# Anyone Done a Solex Lately?



## Centurion (Oct 28, 2021)

I have e bikes, e scooters, vintage bikes etc. I have interest in getting a VeloSolex, looks like aftermarket replacement parts are around, and they have a good following. Anyone get one up and running lately, and what would be a fair price to offer on a complete non- running tested bike?

Thanks


----------



## Boris (Oct 28, 2021)

This is just me, but depending on the condition of one that isn't running, my top dollar would be $190* if one showed up at a bike swap meet. Again, just me.

*translates to $10 per every mile per hour a Solex will go.


----------



## fat tire trader (Oct 28, 2021)

Condition, condition, condition,, I have about 6 Solexes. I prefer the earlier ones with the round tubular frames. I would pay a lot more than Norris for a non running one that turns over and has good paint and chrome. I would pay $200 just for a clean motor that turns.


----------



## Centurion (Oct 29, 2021)

Thanks, the one I am looking at is a mid to late sixties generation, the paint and chrome is 90%, I haven't spun the motor to see if it has good compression yet, going off photos. I agree, the early ones look way more classic than the square tube ones. The seller wants too much at $300, I'll keep looking.


----------



## fat tire trader (Oct 29, 2021)

Centurion said:


> Thanks, the one I am looking at is a mid to late sixties generation, the paint and chrome is 90%, I haven't spun the motor to see if it has good compression yet, going off photos. I agree, the early ones look way more classic than the square tube ones. The seller wants too much at $300, I'll keep looking.
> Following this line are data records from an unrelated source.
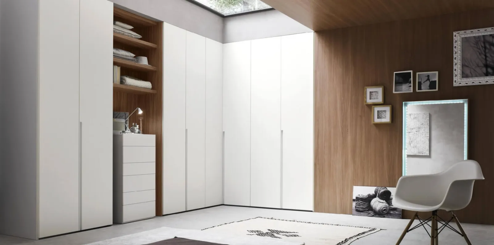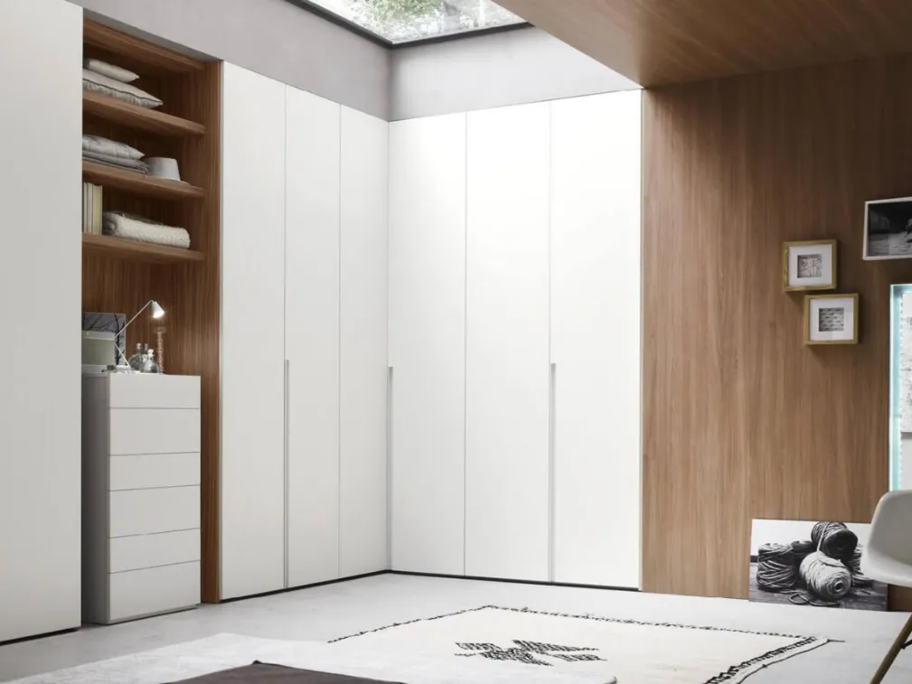 Nella nostra linea di Armadi ad angolo moderni con ante battenti troverai anche il modello presente in foto, pensato per chi cerca funzionalità e stile.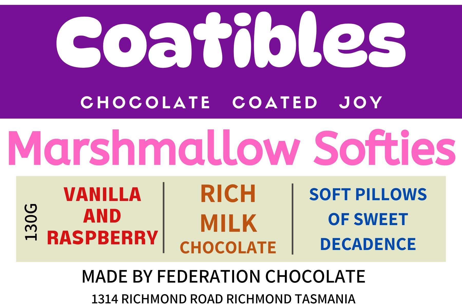 Drift away on a cloud of pure indulgence ourCoatibles Marshmallow softies- a delightful marriage of soft, fluffy marshmallows in two irresistible flavors, smothered in rich milk chocolate.
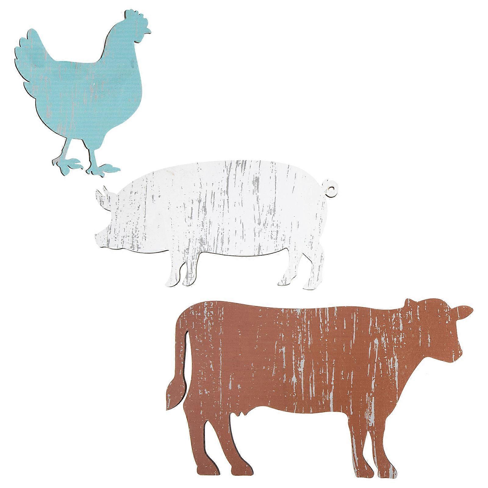 Rustic Farmhouse Wooden Animal Wall Decor with Hanging Hooks for Indoor Outdoor Home Bedroom Porch Decoration and Photography Prop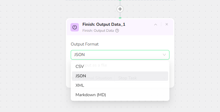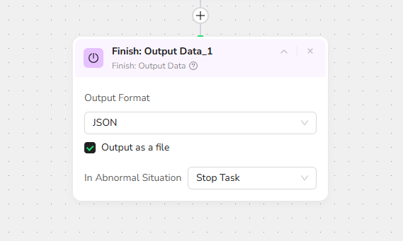 The Output Data Node is the final endpoint of your workflow. It collects and consolidates all data extracted during workflow execution from various Extract Data nodes, then exports everything in your chosen format.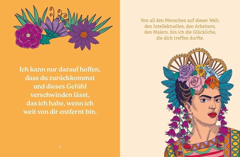 Dieses Buch enthält 100 kraftvolle Weisheiten über das Leben, die Liebe, über Verluste und die Poesie. Fridas Worte geben Hoffnung, berühren und erinnern daran, dass das Leben mit all seinen Herausforderungen wunderschön und voller Wunder ist.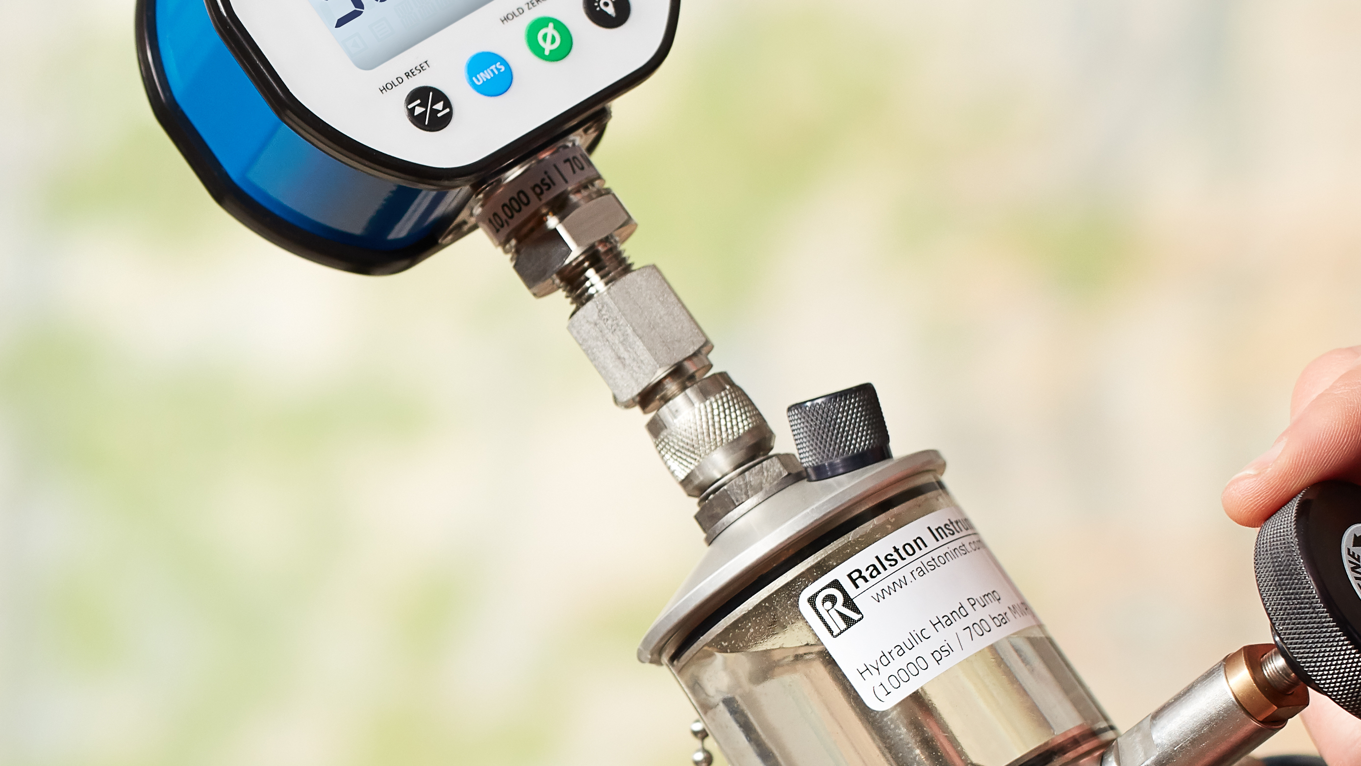 Connect Male NPT pressure gauge or other Male NPT device to a Ralston hand pump or nitrogen calibration device to create one side of a quick-disconnect to 10,000 psi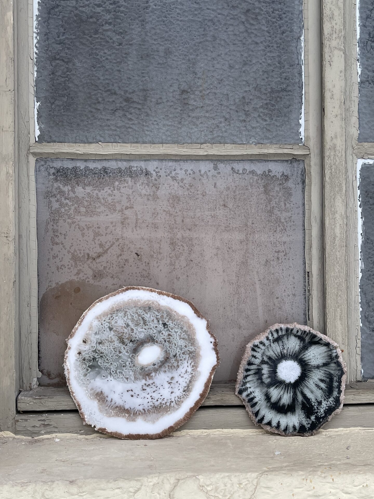 2024 – 2025 | Werkreihe „Innere Landschaften“ – Tragbare Erinnerungen | Schmuck aus Glas und Papier | Weitere Infos zu dieser Werkreihen finden Sie HIER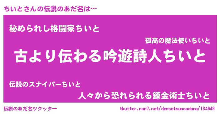 | 意味不明あだ名 | 『自称ちいと』『永久保存ちいと』 |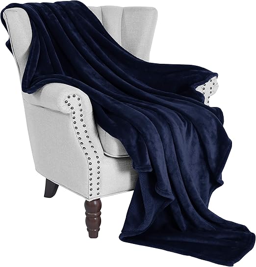Pavilia Luxury Soft Plush Navy Blue Throw Blanket For Sofa Couch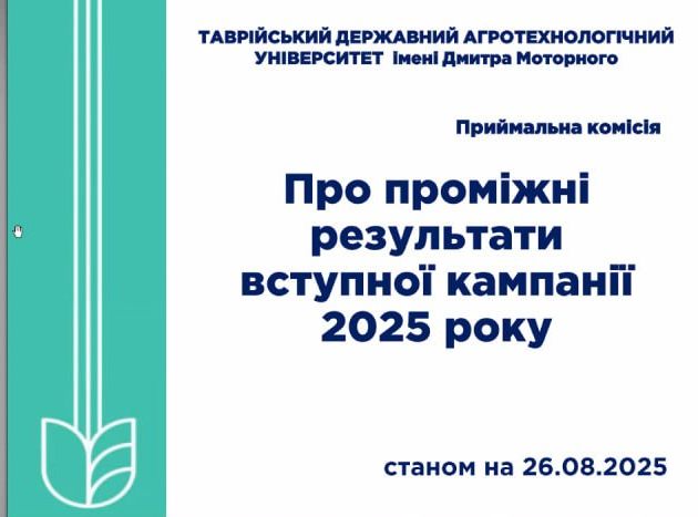 Відповідальний секретар приймальної комісії Іван Чижиков та директори ВСП доповідали про проміжні результати основної сесії вступної кампанії 2025. Завдяки злагодженій роботі, в цьому році на денну форму навчання освітнього ступеня бакалавра до ТДАТУ було зараховано 1222 особи. За результатами набору вступників, університет посів друге місце в області (після ЗНУ), 2 місце серед аграрних ЗВО (після НУБіП) та перше місце серед релокованих ЗВО.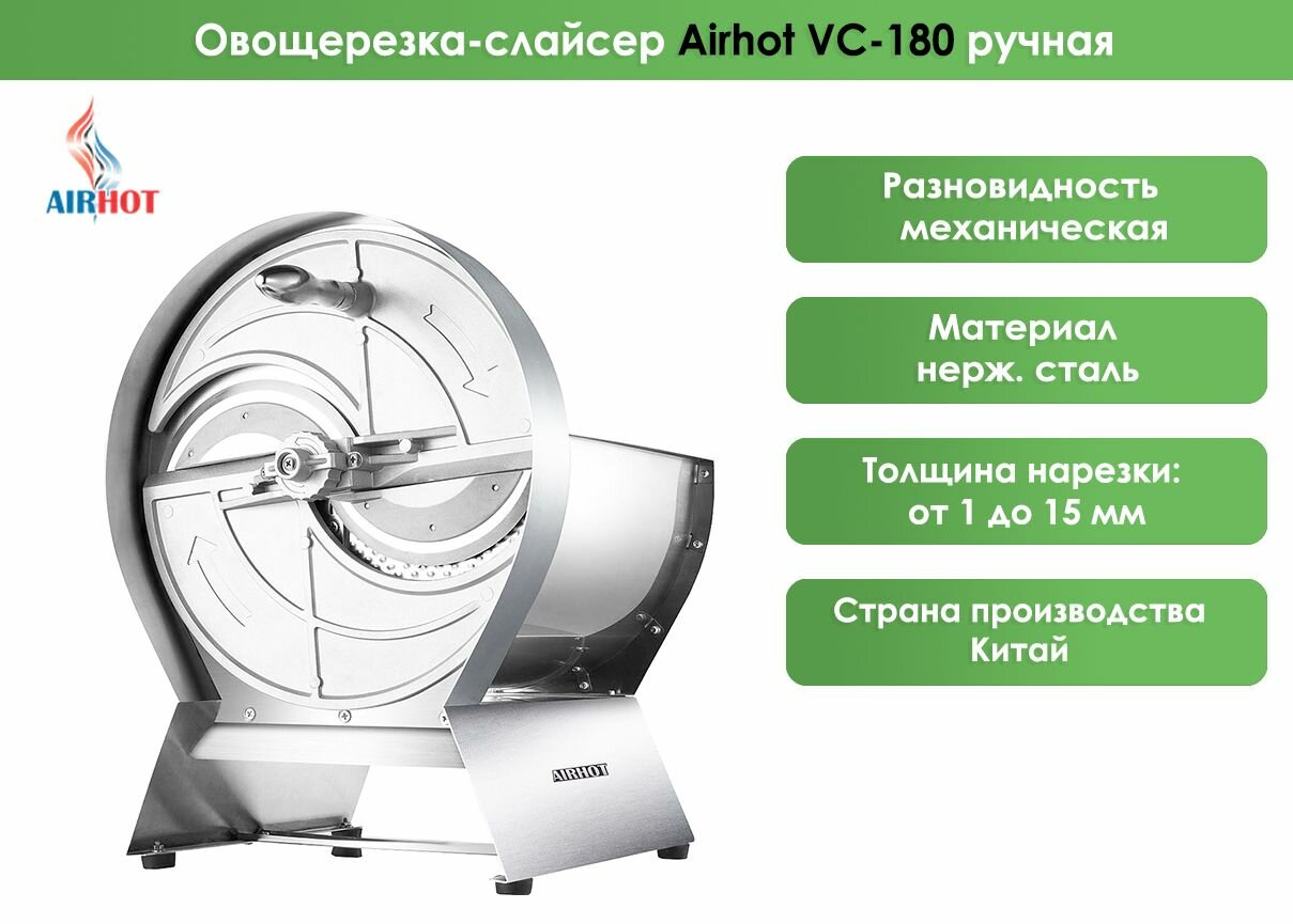 Ниже Вы можете прочитать отзывы на Овощерезка AIRHOT VC-180, ознакомится с подробными характеристиками, посмотреть интересные обзоры и фотографии на Овощерезка AIRHOT VC-180.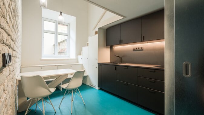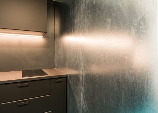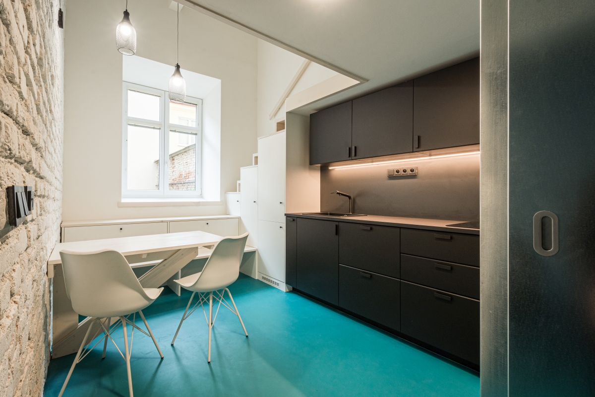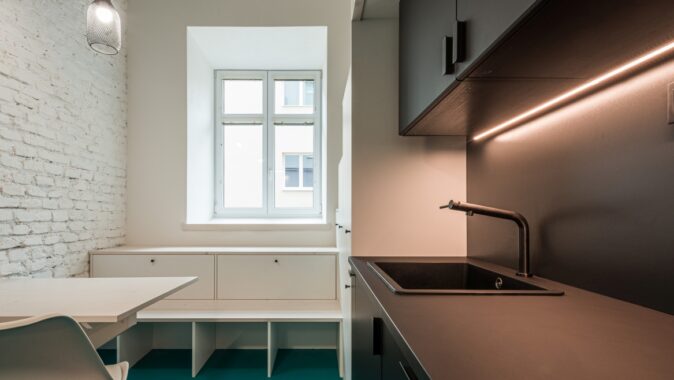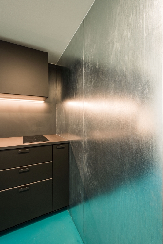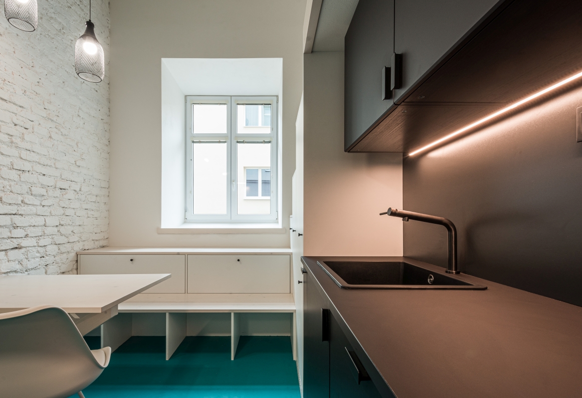 materiálů – pozinkovaného plechu a též černé barvy v rámci kuchyně a sanitárních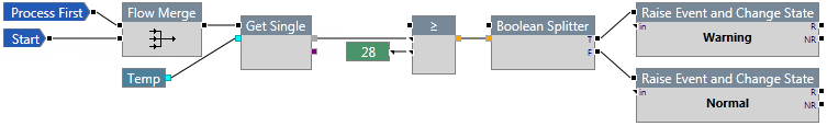 In the following example, the ≥ component checks to see if the temperature is greater than or equal to 28. If it is, an event is raised and the state of the entity changes to Warning. Otherwise, an event is raised and the state of the entity changes to Normal.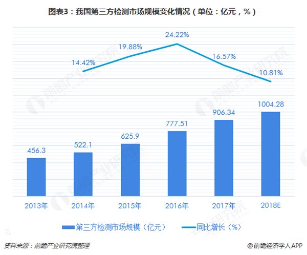 根据前瞻产业研究院发布的《中国第三方检测行业发展趋势与投资决策支持研究报告》数据显示,2017年我过第三方检测市场规模在900亿元左右,近年来维持在10%以上的较高增速。2018全年第三方检测市场规模有望突破千亿元大关,我国第三方检测市场将达到新的高度。
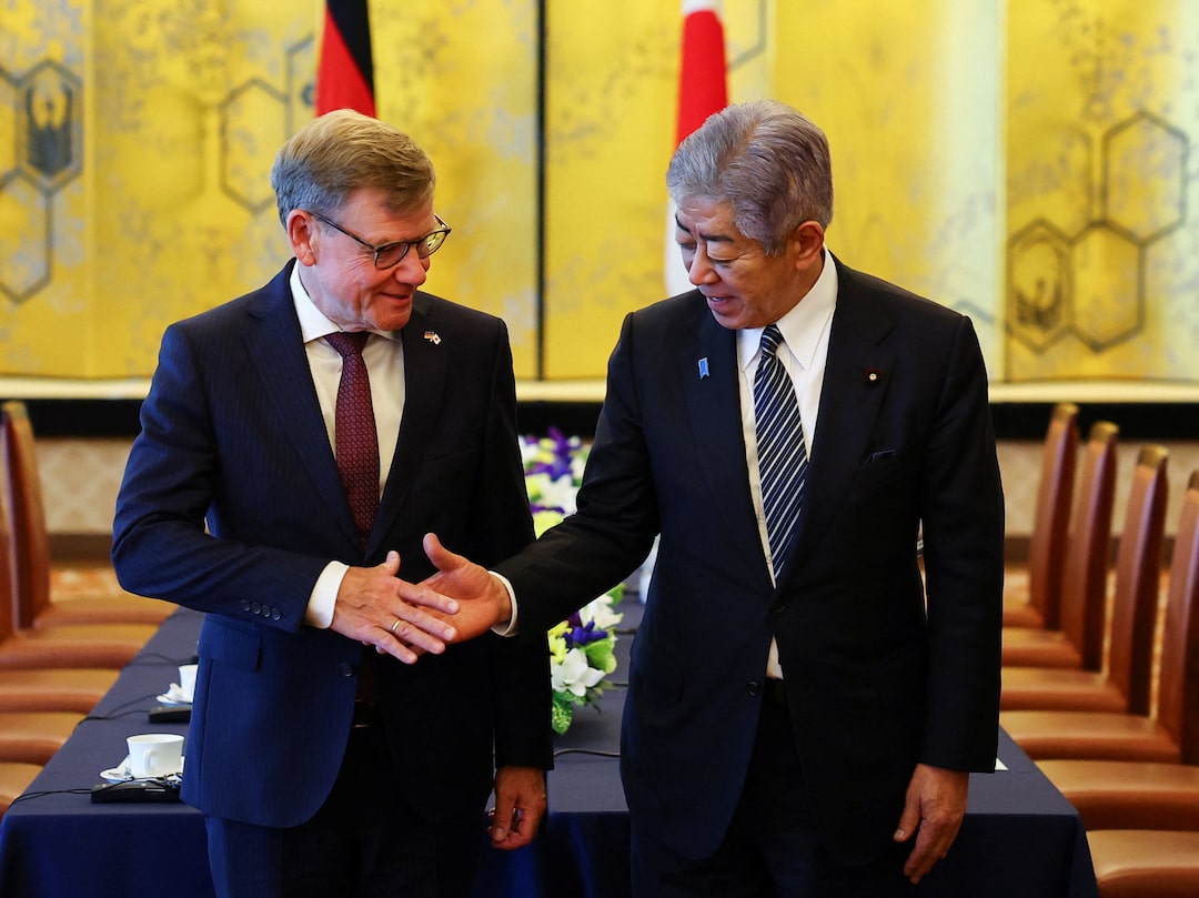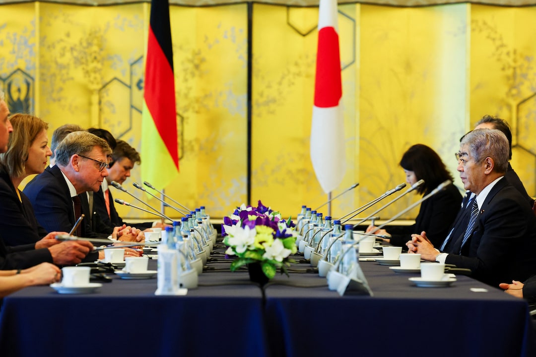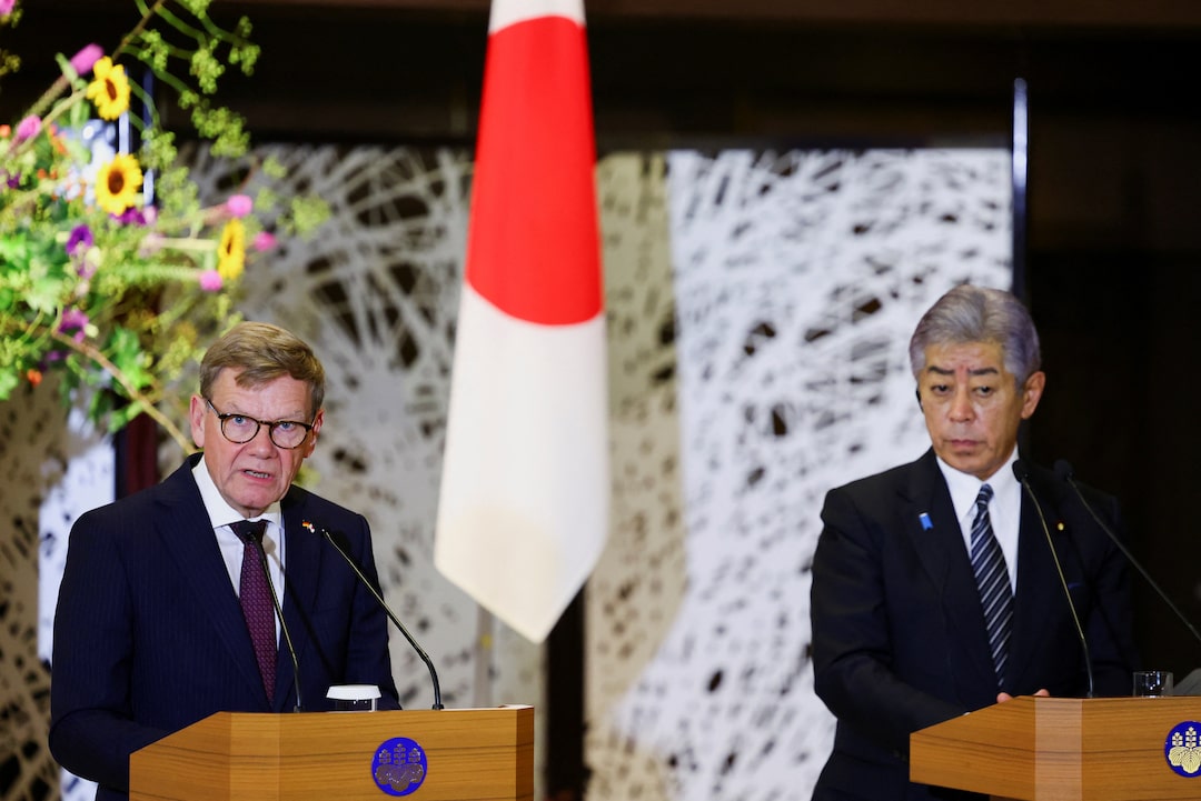 圖1/4:2025年8月18日,德國外交部長約翰·瓦德普爾在日本東京會晤日本外務大臣巖谷武。路透社/Kim Kyung-Hoon

Sounds like it could be a good deal to me.


----------



## Centurion (Oct 29, 2021)

Usually when they state "has not ran in years" it means they tried to get it running, and discovered the amount of parts and costs associated with it.  It's pretty easy to clean the fuel system, put some fresh gas and see if it will fire. I missed a few of them on-line, that were good runners, and very presentable in the $400 range. Looking for the bike is part of the fun as well.


----------



## Centurion (Nov 7, 2021)

Found one, does not seem to have much wear or use, engine seems to have good compression, and all of the bicycle stuff is in really nice shape. These things seem smaller than I remember, but easy to move around and fit in my mini van. Now I have to get it running, not sure what's going on with it, put new fuel in and cleaned the lines, seems to be pumping, but it doesn't fire. The lights are working , but it probably needs ignition parts. This is going to be a nice ride if I ever get it running


----------



## Centurion (Nov 8, 2021)

It runs! I cleaned the main jet and it popped, and took right off. I gleefully zipped it around the block at 6:30 AM headlight and tail light shining brightly. Great little machine. It pulls better than I expected, it's on par with one of my 500 watt e-bikes.


----------